## COLLECTED MATERIAL
☆ ☆ ☆ ☆ ☆
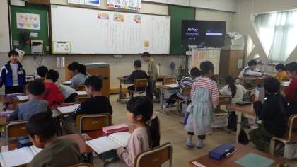 ちょうど、生活科でにこにこ大作戦について学習していたので、イメージしやすかったようです。子どもたちはとても積極的に交流をしていました。
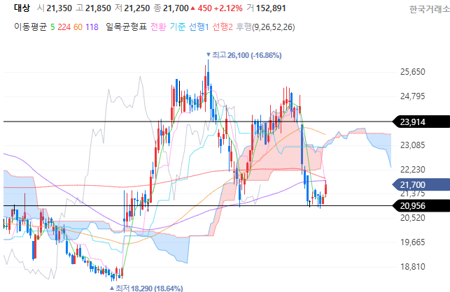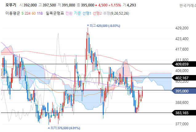식품주가 전반적으로 지지를 받으면서 상승하고 있는 것 같습니다. 상승세가 바로 앞에 있는 저항선을 얼마나 돌파하는지에 따라서 5~8% 정도 수익을 먹고 나와야 될지 아니면 더 비중을 잡아도 될지가 결정되겠지만 말입니다.
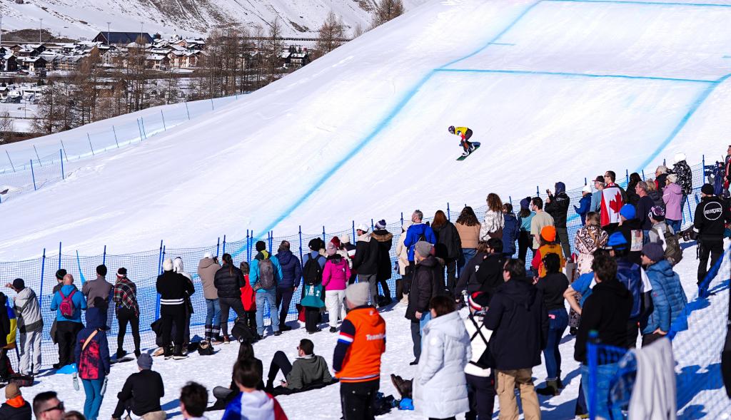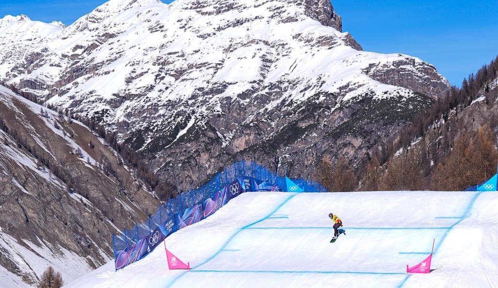 13日,米蘭冬奧會單板滑雪女子障礙追逐比賽在這里進(jìn)行。22歲的藏族姑娘擁青拉姆滑過終點線后停住,扶了扶雪鏡,站著緩了一會兒。她沒有立刻去看成績,而是抬頭望向剛剛滑下來的那條賽道——半壁、跳臺、彎道一段段延伸向山腳。
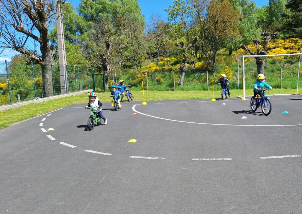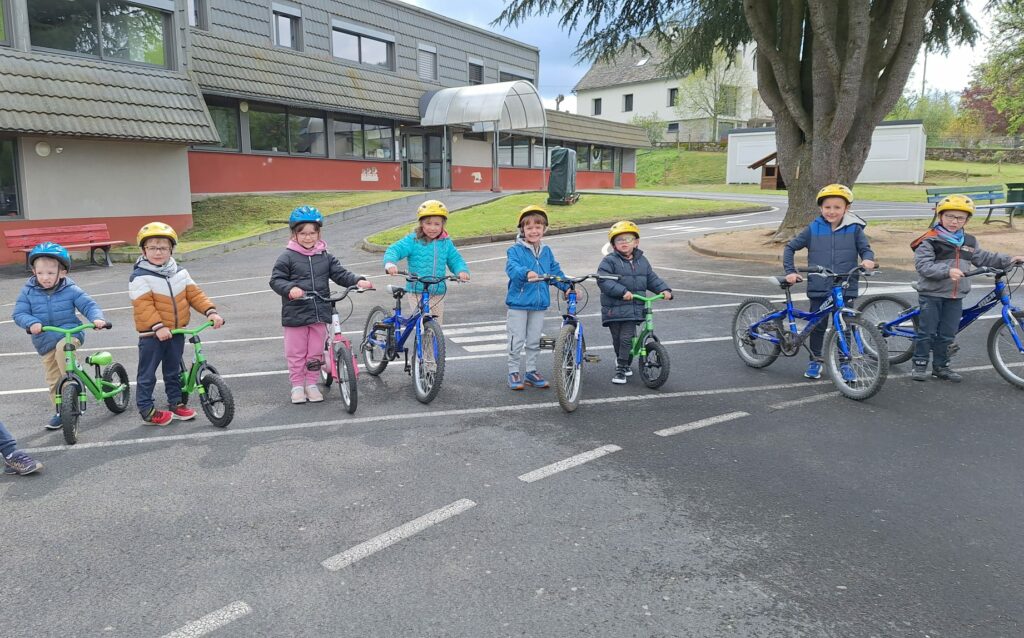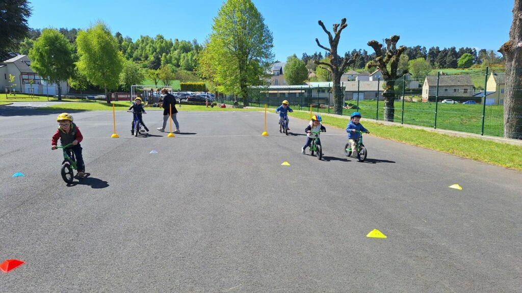 Les élèves de maternelle de l’école publique d’Aumont-Aubrac ont bénéficié de quelques séances de draisienne ou de vélo afin de développer leurs habiletés motrices. Ils ont tous gagné en assurance, trouvé leur équilibre, appris à tourner, à freiner, à rouler sur différents circuits, à franchir des portes. Ils ont également appris les règles de sécurité : bien mettre son casque …
☆ ☆ ☆ ☆ ☆
## TASK TO COMPLETE
Set down the line containing "식품주가 전반적으로 지지를", then every later line through the end of the material, exactly as written; omit any picture.

## SOLUTION TO THE PROBLEM
식품주가 전반적으로 지지를 받으면서 상승하고 있는 것 같습니다. 상승세가 바로 앞에 있는 저항선을 얼마나 돌파하는지에 따라서 5~8% 정도 수익을 먹고 나와야 될지 아니면 더 비중을 잡아도 될지가 결정되겠지만 말입니다.
 13日,米蘭冬奧會單板滑雪女子障礙追逐比賽在這里進(jìn)行。22歲的藏族姑娘擁青拉姆滑過終點線后停住,扶了扶雪鏡,站著緩了一會兒。她沒有立刻去看成績,而是抬頭望向剛剛滑下來的那條賽道——半壁、跳臺、彎道一段段延伸向山腳。
 Les élèves de maternelle de l’école publique d’Aumont-Aubrac ont bénéficié de quelques séances de draisienne ou de vélo afin de développer leurs habiletés motrices. Ils ont tous gagné en assurance, trouvé leur équilibre, appris à tourner, à freiner, à rouler sur différents circuits, à franchir des portes. Ils ont également appris les règles de sécurité : bien mettre son casque …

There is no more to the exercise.